## PROBLEM
Stop at the line that contains "의왕시 진로진학상담센터는 지난". Until then, set down each line of the records exactly, beginning with the first, and skip pictures.

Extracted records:
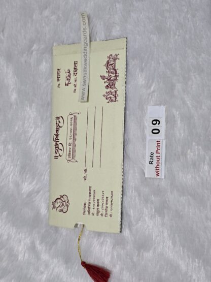The card is made of imported paper it has a round type cutting in center with a horizontal rectangular cutting below. The inside paper is long in length and it is divided into 4 equal portion. The inside paper is tied with silk thread which has to be pulled out of the jacket. The art work of design will be provided from us on your mail id. The Ganesha image on the cards can be replaced by any other religious image or logo.The inside paper will be plain all design ,logo and text have to be printed afterwards during your printing process. This wedding invitation card looks small in size but it’s easy to carry many cards at a time for distribution.
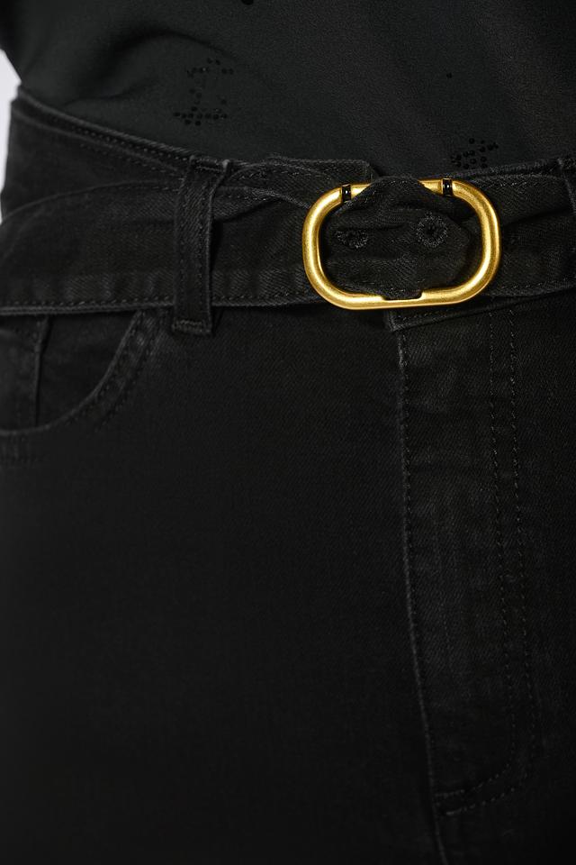 Чёрные джинсы клеш от Twin Set — стильная и комфортная модель из хлопка с добавлением эластана. Классический крой и пояс с золотой пряжкой подчеркнут вашу индивидуальность. Состав: хлопок 98%, эластан 2%
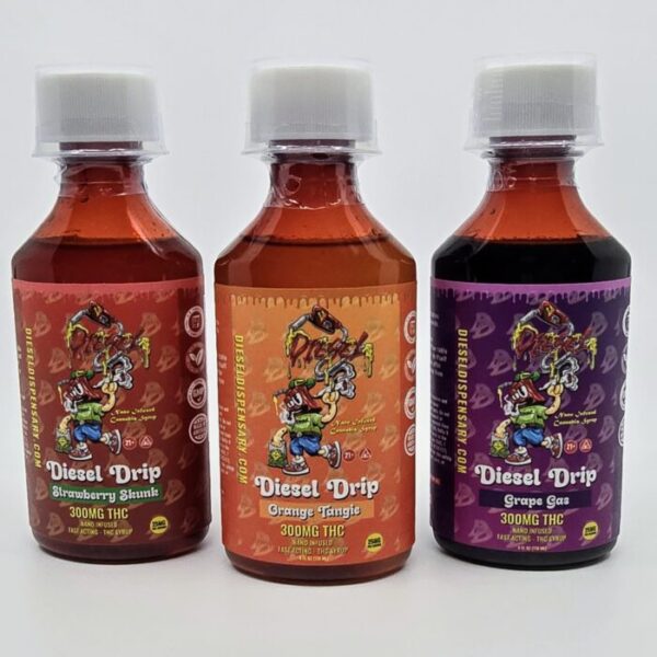 Diesel Drip – Nano Infused Syrup: Ultra-potent 300mg THCA liquid syrup with fast-acting nano infusion. Mix into drinks or sip straight for a quick, clean, and powerful high. Vegan, organic, and lab-tested. Available in Orange Tangie, Grape Gas, and Strawberry Skunk.
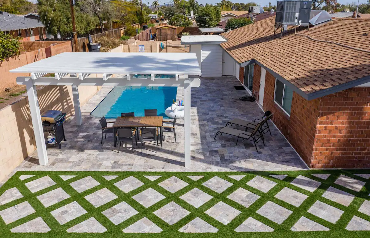 Our backyard space, just refinished with synthetic grass and travertine, features a beautiful pool with brand new mini pebble coating.
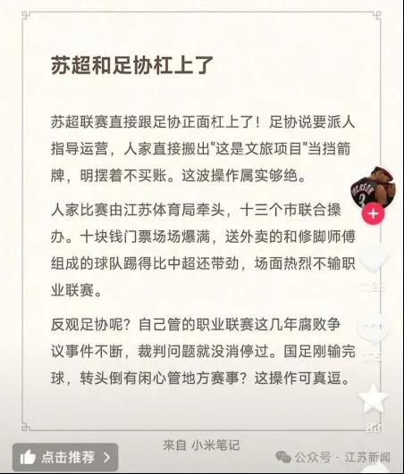 近期,网上有人发帖称:“苏超”直接跟中国足协正面杠上了!足协说要派人指导运营,江苏足协直接搬出“这是文旅项目”当挡箭牌,明摆着不买账。
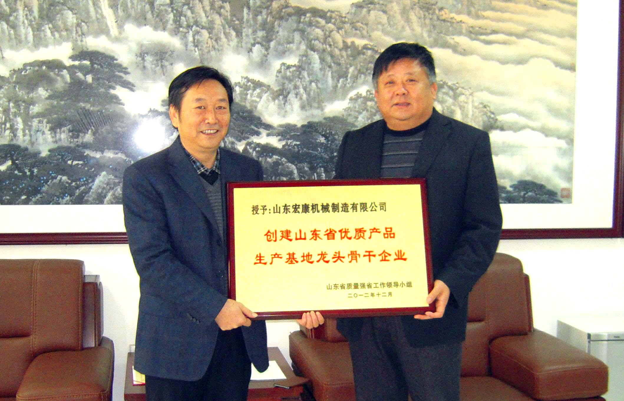 近日,山東省質(zhì)量興省領(lǐng)導(dǎo)小組下發(fā)魯質(zhì)強(qiáng)發(fā)【2012】2號文件《關(guān)于表彰2012年創(chuàng)建山東省優(yōu)質(zhì)產(chǎn)品生產(chǎn)基地及龍頭骨干企業(yè)的通知》,宏康榜上有名,喜獲2012年“創(chuàng)建山東省優(yōu)質(zhì)產(chǎn)品生產(chǎn)基地龍頭骨干企業(yè)”榮譽(yù)稱號。圖為1月30日岱岳區(qū)質(zhì)監(jiān)局局長張復(fù)田向集團(tuán)董事長、總經(jīng)理康鳳明頒發(fā)榮譽(yù)牌匾。
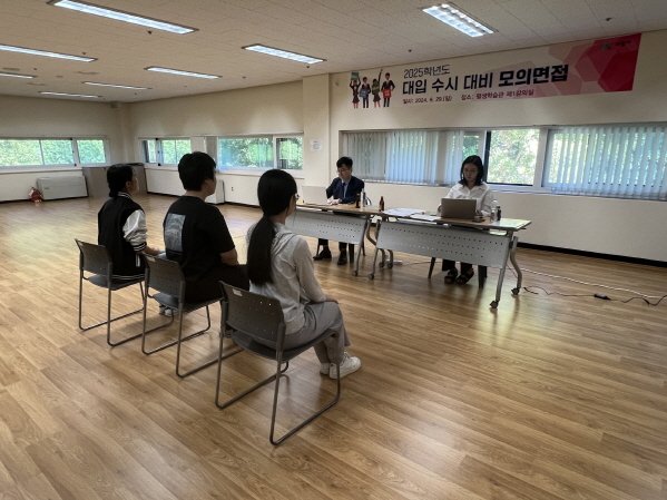 의왕시 진로진학상담센터는 지난 29일 평생학습관에서 관내 고3 수험생 50여 명을 대상으로 ‘2025학년도 대입 수시 대비 모의면접 프로그램’을 개최했다고 밝혔다.
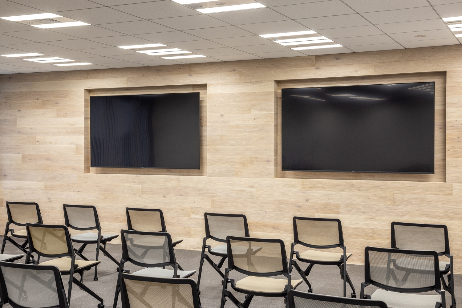 多様なメンバーの交流を促進するため、全員が通る動線上にコミュニケーションエリアを配置。異なる拠点にいたグループ法人が一つのオフィスで勤務するようになり、ラウンジやカフェテリアでは、以前は知らなかった社員同士が自然とコミュニケーションを取り合うようになりました。執務エリアでは縦横を交えたデスク配置とし、あえて複雑に交わる動線がコミュニケーションを促進させています。これらにより、情報交換がスムーズに行われ、ビジネス面でも効率と効果が大幅に向上しました。 デザインの面では、来社される方々に会社のこだわりを感じていただけるよう、素材感溢れるデザインを採用しました。大型エントランスカウンターには古材を使用し、セミナー室の正面壁には木パネルを取り入れることで、来客者の目に触れる部分に本物の素材を用い、細部にまでこだわりを表現しました。採用面でも、新たに設計された明るく開放的なオフィスが好印象を与え、採用率の向上にも寄与しています。
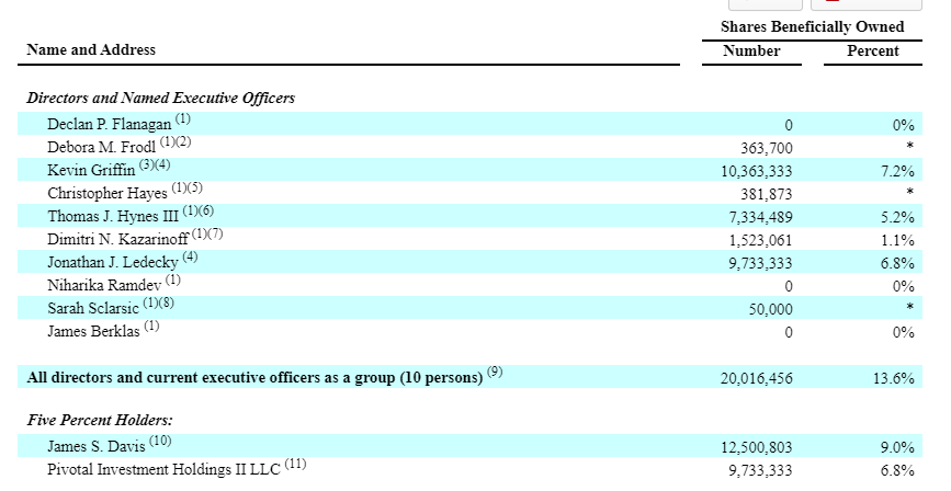 XL’s board has reasonable insider ownership and there are several financial people on the board (mainly from the SPAC sponsor). They have to know this is a lost cause as a public company at this point; maybe they’d support an activist that let them salvage a portion of their investment before they burn it all to zero on public company costs (note: the share counts include sponsor warrants that are hopelessly out of the money, so insider ownership isn’t quite this good….. but the Pivotal shares are founder’s shares with a pretty low cost basis, so maybe they’d be happy to just liquidate, take a profit, and move on). (table below from the 2021 proxy; I haven’t seen any insider selling buying or selling form 4s since but I could be off)
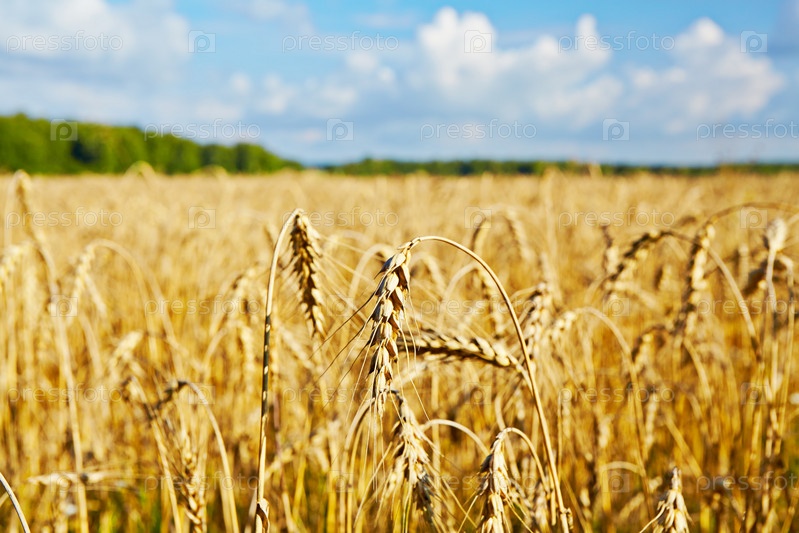 Золотая пшеница в поле, лес и голубое небо. Выборочный фокус

## EXERCISE OUTPUT
The card is made of imported paper it has a round type cutting in center with a horizontal rectangular cutting below. The inside paper is long in length and it is divided into 4 equal portion. The inside paper is tied with silk thread which has to be pulled out of the jacket. The art work of design will be provided from us on your mail id. The Ganesha image on the cards can be replaced by any other religious image or logo.The inside paper will be plain all design ,logo and text have to be printed afterwards during your printing process. This wedding invitation card looks small in size but it’s easy to carry many cards at a time for distribution.
 Чёрные джинсы клеш от Twin Set — стильная и комфортная модель из хлопка с добавлением эластана. Классический крой и пояс с золотой пряжкой подчеркнут вашу индивидуальность. Состав: хлопок 98%, эластан 2%
 Diesel Drip – Nano Infused Syrup: Ultra-potent 300mg THCA liquid syrup with fast-acting nano infusion. Mix into drinks or sip straight for a quick, clean, and powerful high. Vegan, organic, and lab-tested. Available in Orange Tangie, Grape Gas, and Strawberry Skunk.
 Our backyard space, just refinished with synthetic grass and travertine, features a beautiful pool with brand new mini pebble coating.
 近期,网上有人发帖称:“苏超”直接跟中国足协正面杠上了!足协说要派人指导运营,江苏足协直接搬出“这是文旅项目”当挡箭牌,明摆着不买账。
 近日,山東省質(zhì)量興省領(lǐng)導(dǎo)小組下發(fā)魯質(zhì)強(qiáng)發(fā)【2012】2號文件《關(guān)于表彰2012年創(chuàng)建山東省優(yōu)質(zhì)產(chǎn)品生產(chǎn)基地及龍頭骨干企業(yè)的通知》,宏康榜上有名,喜獲2012年“創(chuàng)建山東省優(yōu)質(zhì)產(chǎn)品生產(chǎn)基地龍頭骨干企業(yè)”榮譽(yù)稱號。圖為1月30日岱岳區(qū)質(zhì)監(jiān)局局長張復(fù)田向集團(tuán)董事長、總經(jīng)理康鳳明頒發(fā)榮譽(yù)牌匾。
 의왕시 진로진학상담센터는 지난 29일 평생학습관에서 관내 고3 수험생 50여 명을 대상으로 ‘2025학년도 대입 수시 대비 모의면접 프로그램’을 개최했다고 밝혔다.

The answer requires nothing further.